PROBLEM
Take the lines below from the one with "Сліпони з натуральної" through the one with "Animals Horses Black" and print only them, exactly. Don't print the pictures.

Start of SOURCE RECORDS

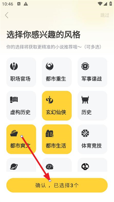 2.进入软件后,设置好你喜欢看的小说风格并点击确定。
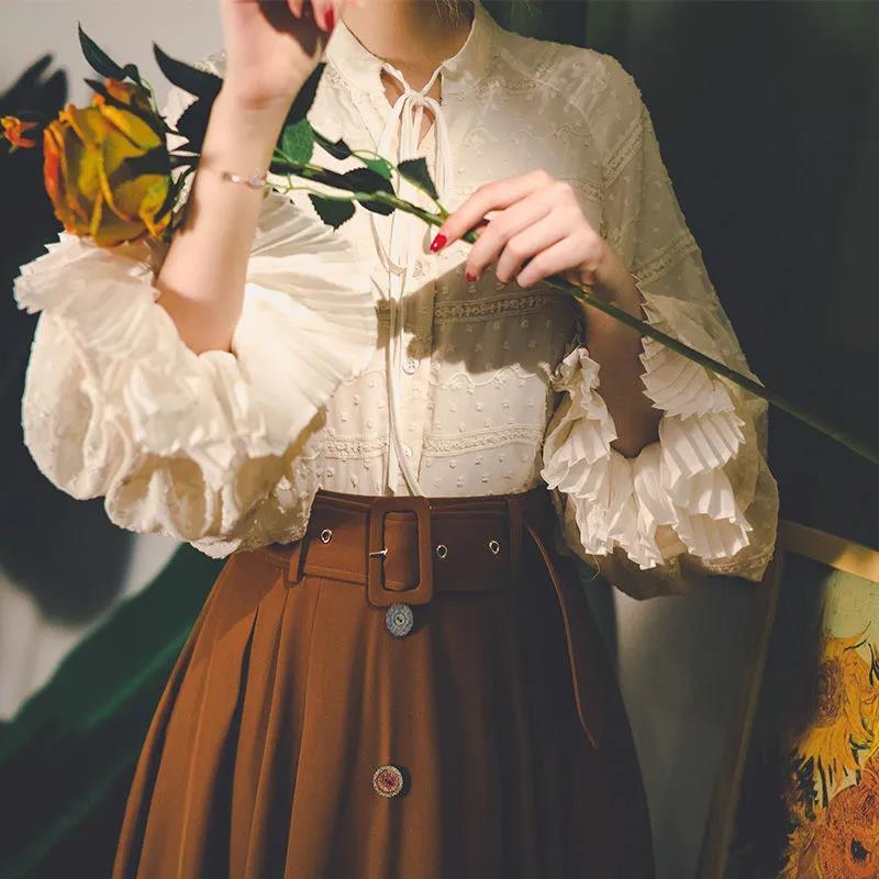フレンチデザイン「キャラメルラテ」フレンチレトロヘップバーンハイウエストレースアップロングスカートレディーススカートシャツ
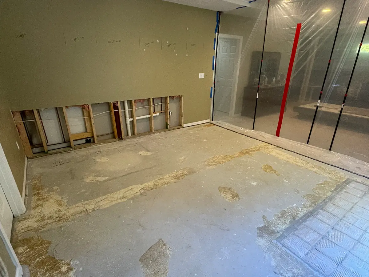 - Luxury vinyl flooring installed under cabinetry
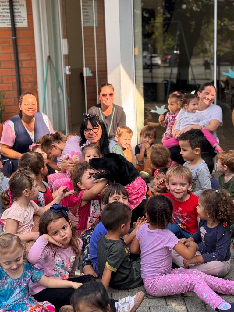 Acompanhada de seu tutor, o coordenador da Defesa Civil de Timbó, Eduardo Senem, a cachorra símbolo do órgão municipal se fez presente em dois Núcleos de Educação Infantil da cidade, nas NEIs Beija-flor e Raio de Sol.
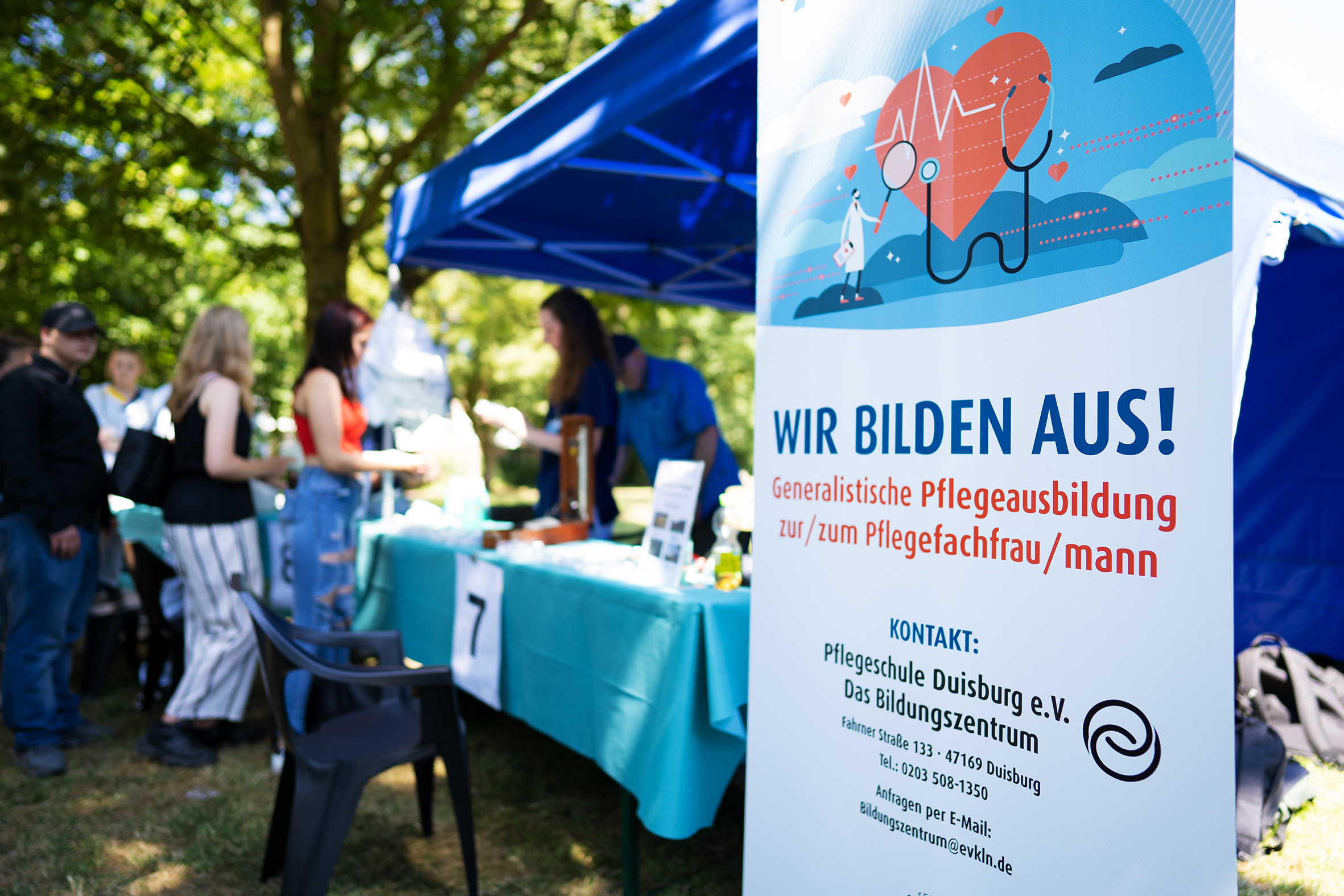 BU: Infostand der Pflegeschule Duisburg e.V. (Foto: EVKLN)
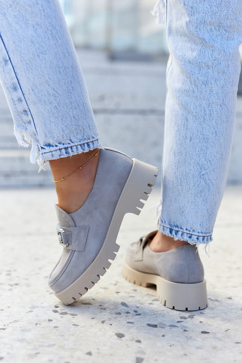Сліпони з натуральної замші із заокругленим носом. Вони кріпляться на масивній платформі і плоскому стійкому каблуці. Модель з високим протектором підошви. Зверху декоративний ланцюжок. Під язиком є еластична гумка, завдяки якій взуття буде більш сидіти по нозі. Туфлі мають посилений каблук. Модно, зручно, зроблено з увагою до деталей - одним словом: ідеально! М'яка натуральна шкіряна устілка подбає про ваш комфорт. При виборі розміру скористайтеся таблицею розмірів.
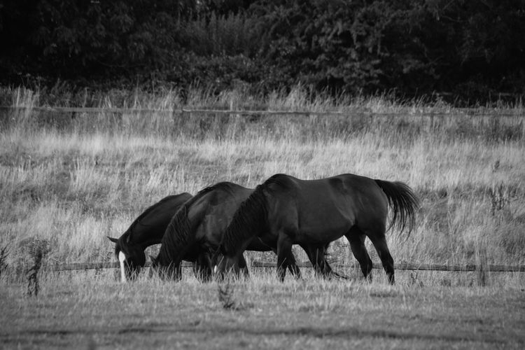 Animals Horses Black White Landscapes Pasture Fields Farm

End of SOURCE RECORDS
Start of SOURCE RECORDS

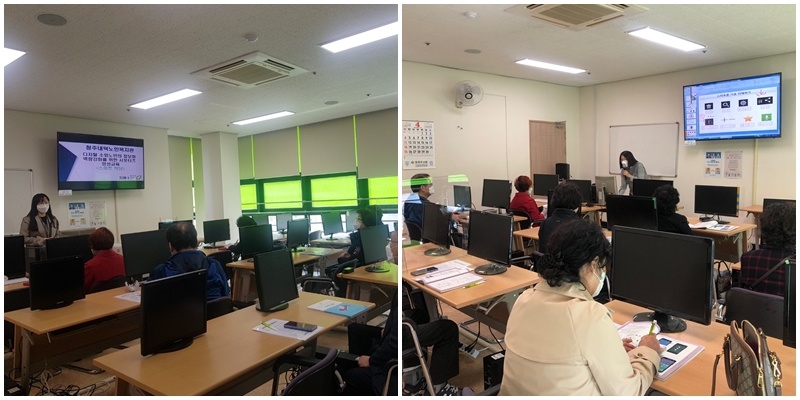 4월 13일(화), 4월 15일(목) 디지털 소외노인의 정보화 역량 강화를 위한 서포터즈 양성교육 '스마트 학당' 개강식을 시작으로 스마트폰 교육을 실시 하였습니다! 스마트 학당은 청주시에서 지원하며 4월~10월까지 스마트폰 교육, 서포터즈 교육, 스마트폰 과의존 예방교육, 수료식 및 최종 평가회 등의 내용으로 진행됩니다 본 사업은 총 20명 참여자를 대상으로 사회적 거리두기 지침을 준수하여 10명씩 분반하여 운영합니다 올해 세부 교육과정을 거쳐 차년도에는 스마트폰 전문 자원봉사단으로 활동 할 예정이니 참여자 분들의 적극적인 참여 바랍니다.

End of SOURCE RECORDS
Start of SOURCE RECORDS

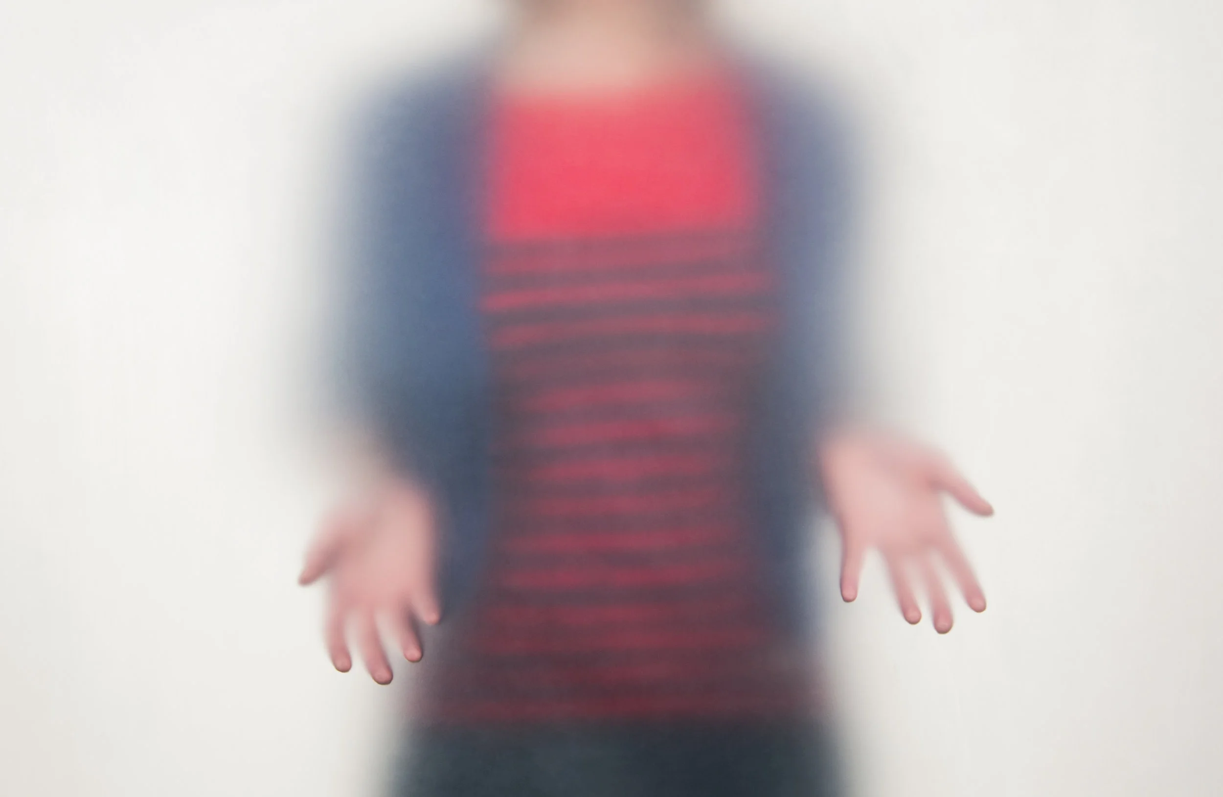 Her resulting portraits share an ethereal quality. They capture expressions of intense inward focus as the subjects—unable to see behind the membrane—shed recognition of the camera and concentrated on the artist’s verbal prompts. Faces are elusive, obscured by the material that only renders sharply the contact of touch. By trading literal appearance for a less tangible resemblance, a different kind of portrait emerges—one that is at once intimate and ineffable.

End of SOURCE RECORDS

FINISHED EXERCISE
Сліпони з натуральної замші із заокругленим носом. Вони кріпляться на масивній платформі і плоскому стійкому каблуці. Модель з високим протектором підошви. Зверху декоративний ланцюжок. Під язиком є еластична гумка, завдяки якій взуття буде більш сидіти по нозі. Туфлі мають посилений каблук. Модно, зручно, зроблено з увагою до деталей - одним словом: ідеально! М'яка натуральна шкіряна устілка подбає про ваш комфорт. При виборі розміру скористайтеся таблицею розмірів.
 Animals Horses Black White Landscapes Pasture Fields Farm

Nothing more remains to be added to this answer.